• **TASK DETAILS**
The required answer is the run of lines from the one holding "2、在直播页面,点击目标直播,进入直播播放页面。" to the end of the data below, copied exactly and free of pictures.

• **DATA BELOW**
%%

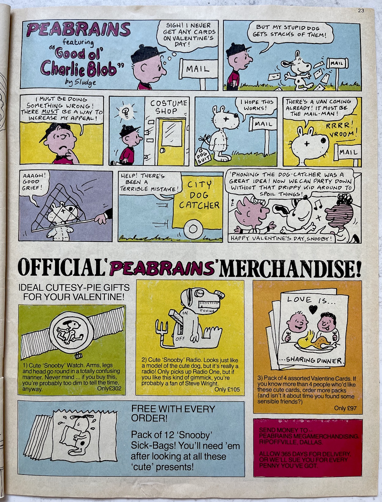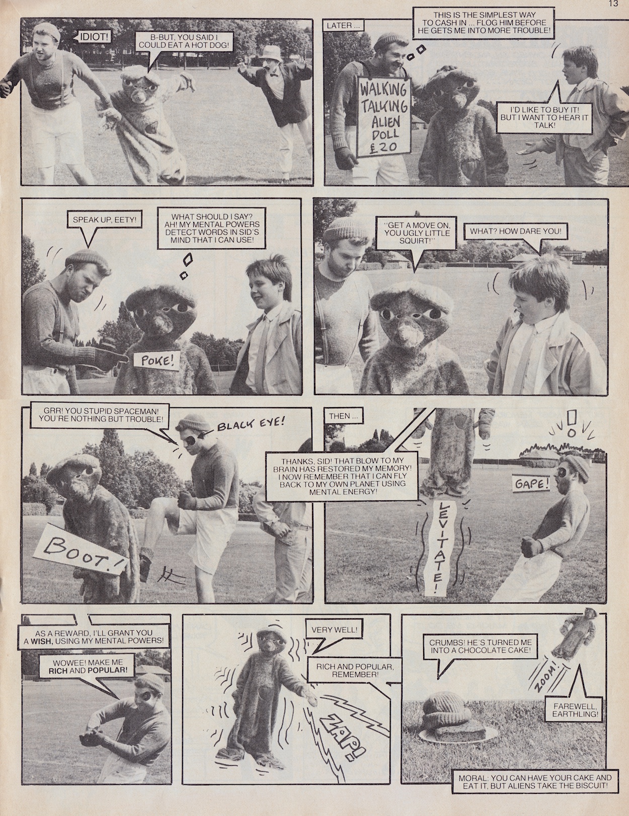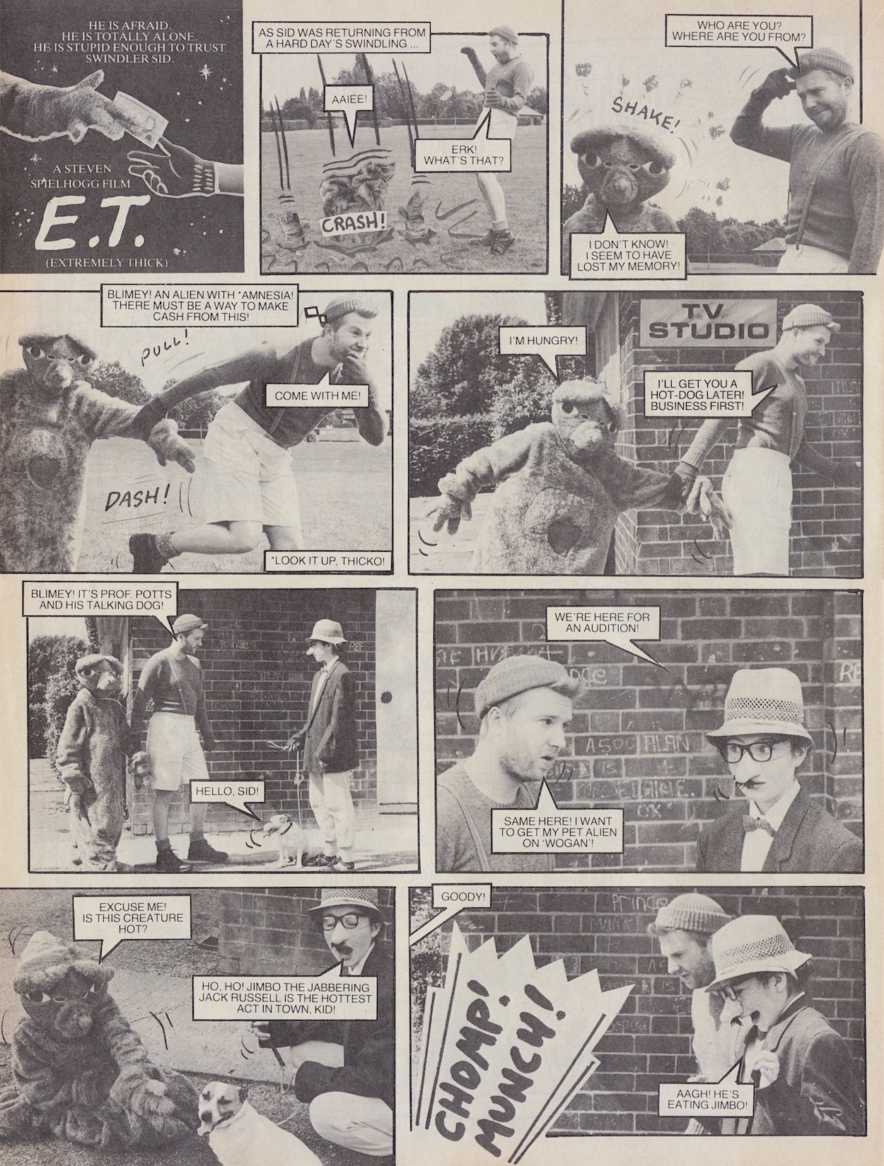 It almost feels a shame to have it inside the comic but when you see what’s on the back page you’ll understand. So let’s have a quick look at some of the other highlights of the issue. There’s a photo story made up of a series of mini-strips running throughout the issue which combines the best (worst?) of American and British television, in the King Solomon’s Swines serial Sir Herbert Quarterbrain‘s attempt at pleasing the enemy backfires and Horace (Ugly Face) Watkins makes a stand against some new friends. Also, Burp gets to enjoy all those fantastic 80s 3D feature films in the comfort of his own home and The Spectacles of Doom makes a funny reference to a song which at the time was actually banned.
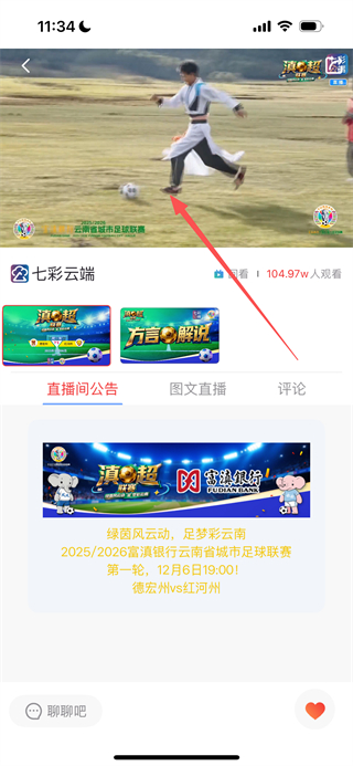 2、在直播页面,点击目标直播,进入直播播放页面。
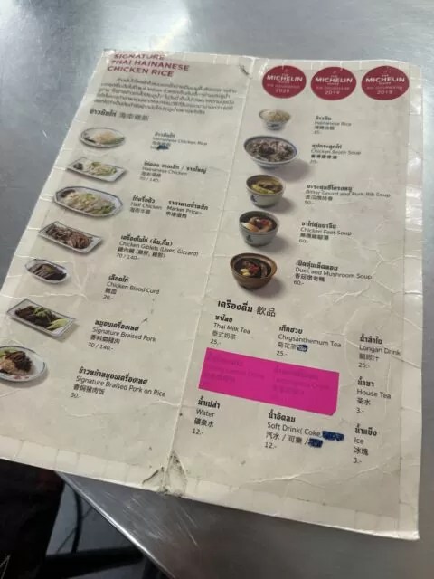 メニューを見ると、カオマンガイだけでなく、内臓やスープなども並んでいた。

%%

• **RESULT OF THE EXERCISE**
 2、在直播页面,点击目标直播,进入直播播放页面。
 メニューを見ると、カオマンガイだけでなく、内臓やスープなども並んでいた。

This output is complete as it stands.